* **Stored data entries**
•••

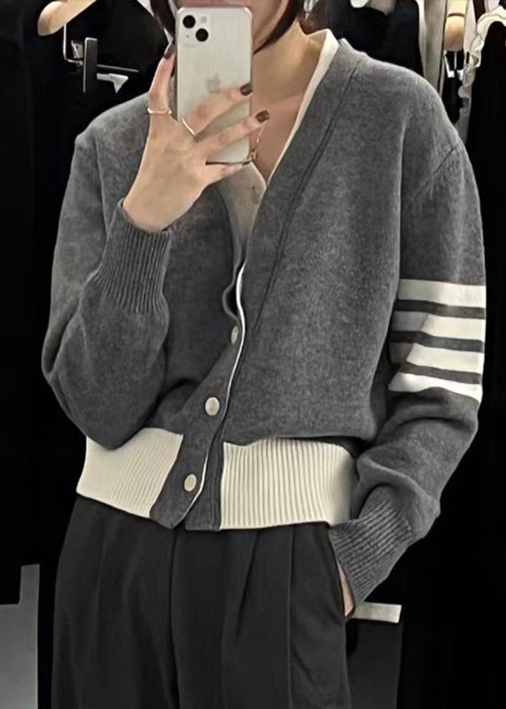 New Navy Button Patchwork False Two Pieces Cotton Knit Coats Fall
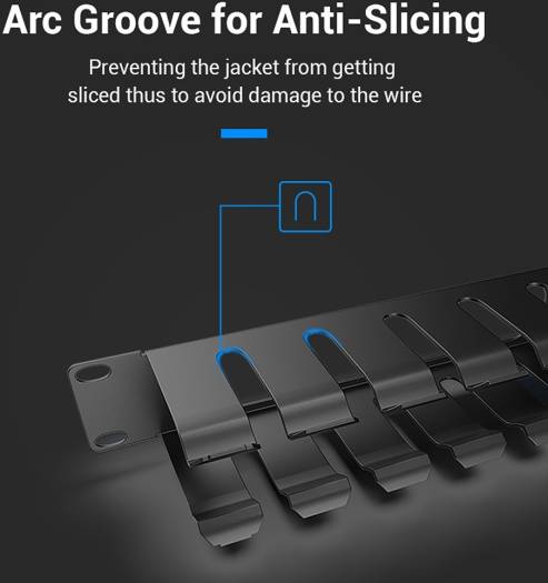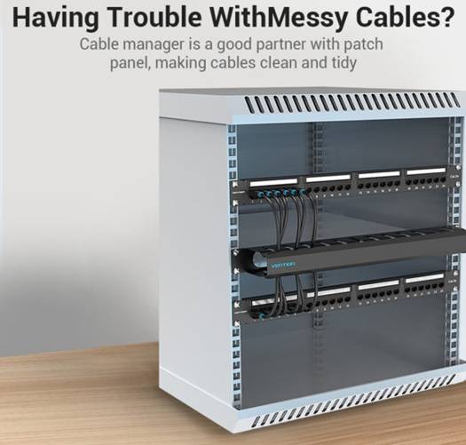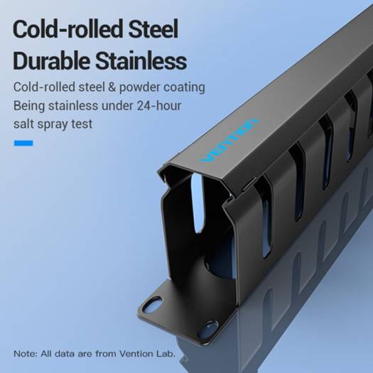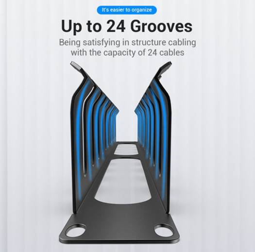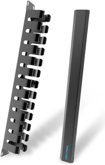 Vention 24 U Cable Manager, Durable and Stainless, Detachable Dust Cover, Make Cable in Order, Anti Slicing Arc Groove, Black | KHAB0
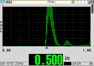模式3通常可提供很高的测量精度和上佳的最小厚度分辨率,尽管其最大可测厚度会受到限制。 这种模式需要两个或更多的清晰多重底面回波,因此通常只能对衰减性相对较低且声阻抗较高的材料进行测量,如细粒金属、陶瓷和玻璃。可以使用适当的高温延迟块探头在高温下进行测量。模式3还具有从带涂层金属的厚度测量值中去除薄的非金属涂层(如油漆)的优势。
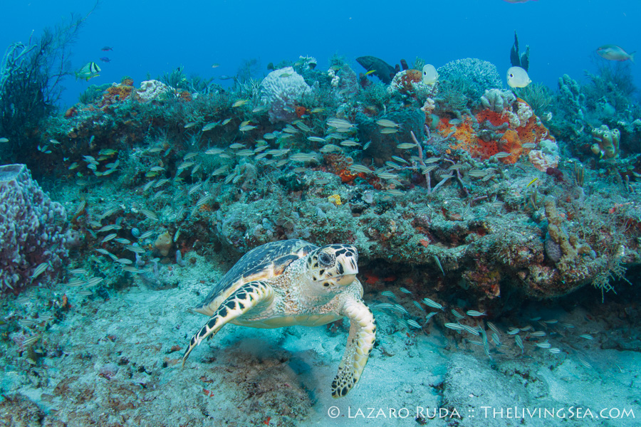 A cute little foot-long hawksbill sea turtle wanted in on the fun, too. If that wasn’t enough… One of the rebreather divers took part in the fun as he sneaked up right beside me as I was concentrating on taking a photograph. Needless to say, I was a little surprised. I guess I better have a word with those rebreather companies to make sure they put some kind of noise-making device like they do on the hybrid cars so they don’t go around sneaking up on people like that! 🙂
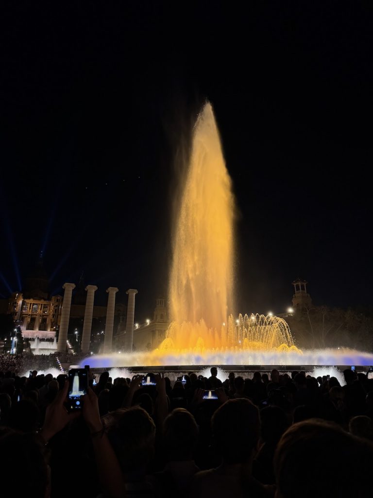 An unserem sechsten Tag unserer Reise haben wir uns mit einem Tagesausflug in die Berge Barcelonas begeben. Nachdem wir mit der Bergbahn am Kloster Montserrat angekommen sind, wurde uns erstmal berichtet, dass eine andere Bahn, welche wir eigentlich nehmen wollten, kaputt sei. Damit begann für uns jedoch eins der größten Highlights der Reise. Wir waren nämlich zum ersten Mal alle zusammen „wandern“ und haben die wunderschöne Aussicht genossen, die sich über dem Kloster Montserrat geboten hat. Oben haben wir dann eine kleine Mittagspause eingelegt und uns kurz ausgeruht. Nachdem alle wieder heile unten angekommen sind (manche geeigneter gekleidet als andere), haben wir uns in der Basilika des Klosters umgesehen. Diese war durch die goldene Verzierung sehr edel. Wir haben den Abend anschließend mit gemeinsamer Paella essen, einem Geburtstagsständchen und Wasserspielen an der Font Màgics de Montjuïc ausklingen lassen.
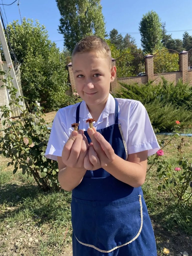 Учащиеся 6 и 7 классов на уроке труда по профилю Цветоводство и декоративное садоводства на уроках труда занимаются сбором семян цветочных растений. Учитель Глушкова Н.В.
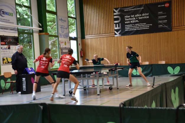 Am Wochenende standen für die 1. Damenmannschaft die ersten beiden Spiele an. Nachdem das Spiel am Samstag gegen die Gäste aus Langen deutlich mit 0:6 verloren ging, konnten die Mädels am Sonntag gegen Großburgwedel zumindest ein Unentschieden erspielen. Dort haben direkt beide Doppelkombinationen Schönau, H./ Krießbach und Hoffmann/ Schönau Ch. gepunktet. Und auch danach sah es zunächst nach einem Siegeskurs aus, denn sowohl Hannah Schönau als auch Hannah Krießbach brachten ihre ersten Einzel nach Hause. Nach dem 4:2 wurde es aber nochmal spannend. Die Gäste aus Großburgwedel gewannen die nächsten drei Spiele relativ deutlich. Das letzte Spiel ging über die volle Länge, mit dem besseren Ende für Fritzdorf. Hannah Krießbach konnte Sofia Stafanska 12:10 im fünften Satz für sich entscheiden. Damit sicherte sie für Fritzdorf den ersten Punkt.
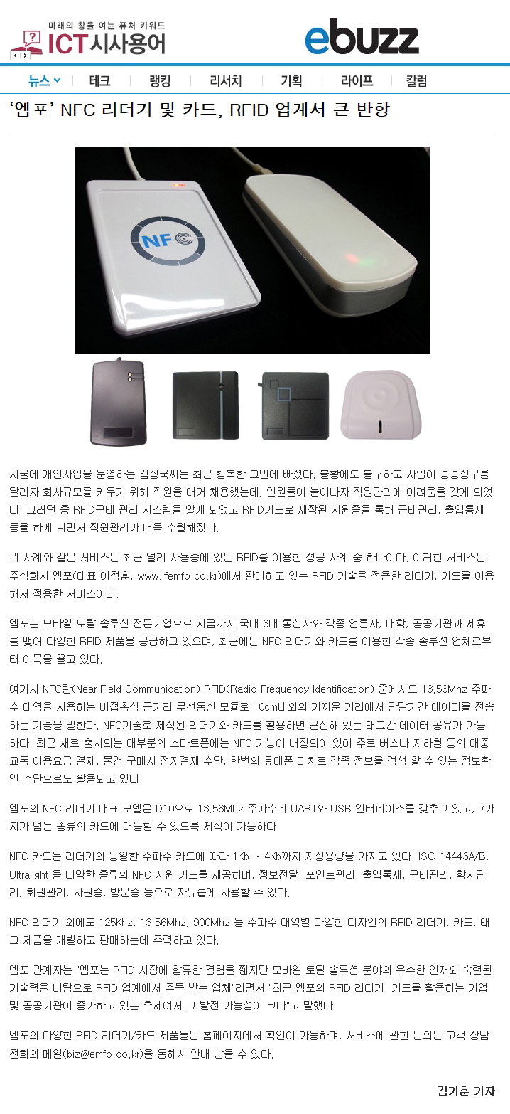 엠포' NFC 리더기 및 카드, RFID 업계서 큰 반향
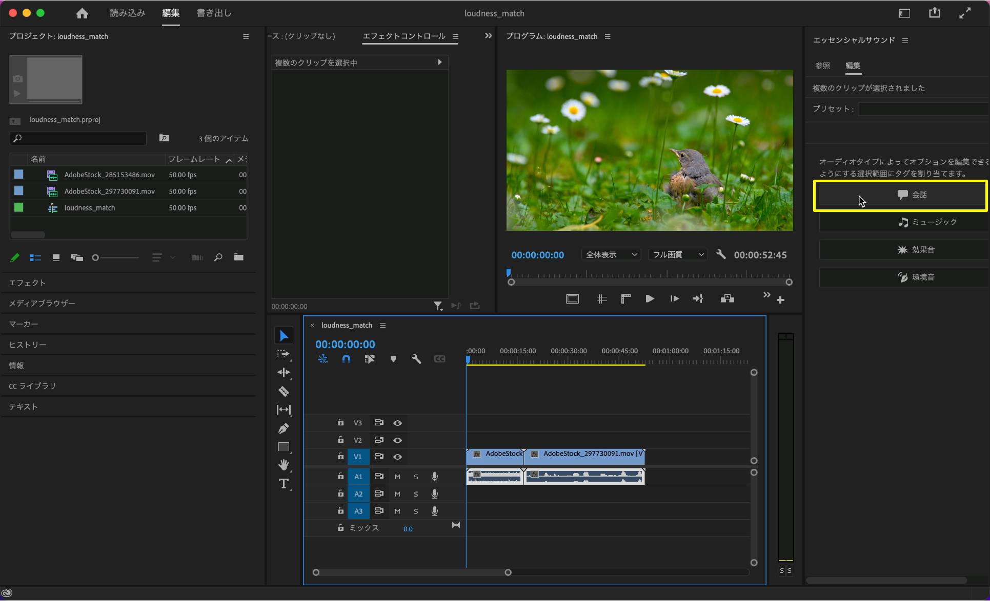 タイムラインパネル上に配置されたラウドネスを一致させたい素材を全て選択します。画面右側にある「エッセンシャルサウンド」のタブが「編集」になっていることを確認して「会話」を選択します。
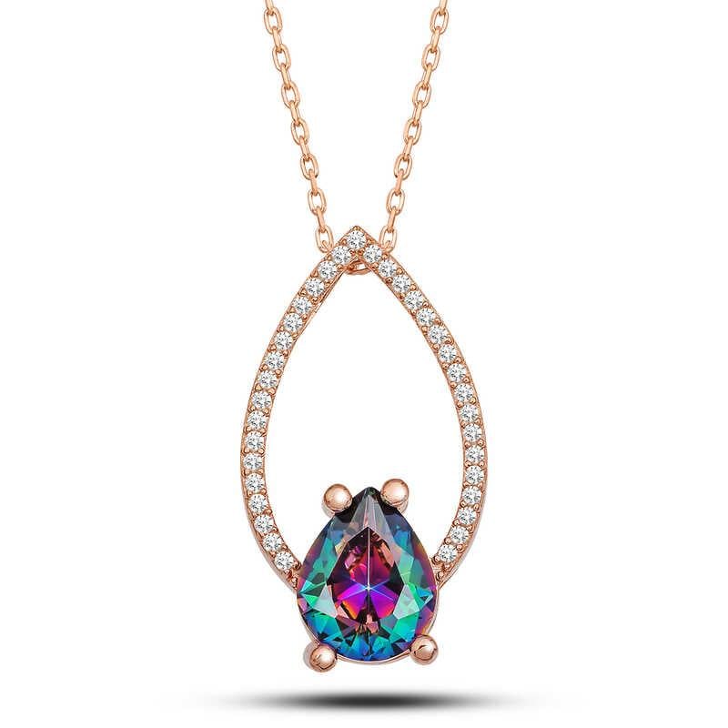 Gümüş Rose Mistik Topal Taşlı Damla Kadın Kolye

•••

* **What to produce**
When you output the entries, keep each line exactly as it is and leave out any pictures.

* **Solution to this task**
 New Navy Button Patchwork False Two Pieces Cotton Knit Coats Fall
 Vention 24 U Cable Manager, Durable and Stainless, Detachable Dust Cover, Make Cable in Order, Anti Slicing Arc Groove, Black | KHAB0
模式3通常可提供很高的测量精度和上佳的最小厚度分辨率,尽管其最大可测厚度会受到限制。 这种模式需要两个或更多的清晰多重底面回波,因此通常只能对衰减性相对较低且声阻抗较高的材料进行测量,如细粒金属、陶瓷和玻璃。可以使用适当的高温延迟块探头在高温下进行测量。模式3还具有从带涂层金属的厚度测量值中去除薄的非金属涂层(如油漆)的优势。
 A cute little foot-long hawksbill sea turtle wanted in on the fun, too. If that wasn’t enough… One of the rebreather divers took part in the fun as he sneaked up right beside me as I was concentrating on taking a photograph. Needless to say, I was a little surprised. I guess I better have a word with those rebreather companies to make sure they put some kind of noise-making device like they do on the hybrid cars so they don’t go around sneaking up on people like that! 🙂
 An unserem sechsten Tag unserer Reise haben wir uns mit einem Tagesausflug in die Berge Barcelonas begeben. Nachdem wir mit der Bergbahn am Kloster Montserrat angekommen sind, wurde uns erstmal berichtet, dass eine andere Bahn, welche wir eigentlich nehmen wollten, kaputt sei. Damit begann für uns jedoch eins der größten Highlights der Reise. Wir waren nämlich zum ersten Mal alle zusammen „wandern“ und haben die wunderschöne Aussicht genossen, die sich über dem Kloster Montserrat geboten hat. Oben haben wir dann eine kleine Mittagspause eingelegt und uns kurz ausgeruht. Nachdem alle wieder heile unten angekommen sind (manche geeigneter gekleidet als andere), haben wir uns in der Basilika des Klosters umgesehen. Diese war durch die goldene Verzierung sehr edel. Wir haben den Abend anschließend mit gemeinsamer Paella essen, einem Geburtstagsständchen und Wasserspielen an der Font Màgics de Montjuïc ausklingen lassen.
 Учащиеся 6 и 7 классов на уроке труда по профилю Цветоводство и декоративное садоводства на уроках труда занимаются сбором семян цветочных растений. Учитель Глушкова Н.В.
 Am Wochenende standen für die 1. Damenmannschaft die ersten beiden Spiele an. Nachdem das Spiel am Samstag gegen die Gäste aus Langen deutlich mit 0:6 verloren ging, konnten die Mädels am Sonntag gegen Großburgwedel zumindest ein Unentschieden erspielen. Dort haben direkt beide Doppelkombinationen Schönau, H./ Krießbach und Hoffmann/ Schönau Ch. gepunktet. Und auch danach sah es zunächst nach einem Siegeskurs aus, denn sowohl Hannah Schönau als auch Hannah Krießbach brachten ihre ersten Einzel nach Hause. Nach dem 4:2 wurde es aber nochmal spannend. Die Gäste aus Großburgwedel gewannen die nächsten drei Spiele relativ deutlich. Das letzte Spiel ging über die volle Länge, mit dem besseren Ende für Fritzdorf. Hannah Krießbach konnte Sofia Stafanska 12:10 im fünften Satz für sich entscheiden. Damit sicherte sie für Fritzdorf den ersten Punkt.
 엠포' NFC 리더기 및 카드, RFID 업계서 큰 반향
 タイムラインパネル上に配置されたラウドネスを一致させたい素材を全て選択します。画面右側にある「エッセンシャルサウンド」のタブが「編集」になっていることを確認して「会話」を選択します。
 Gümüş Rose Mistik Topal Taşlı Damla Kadın Kolye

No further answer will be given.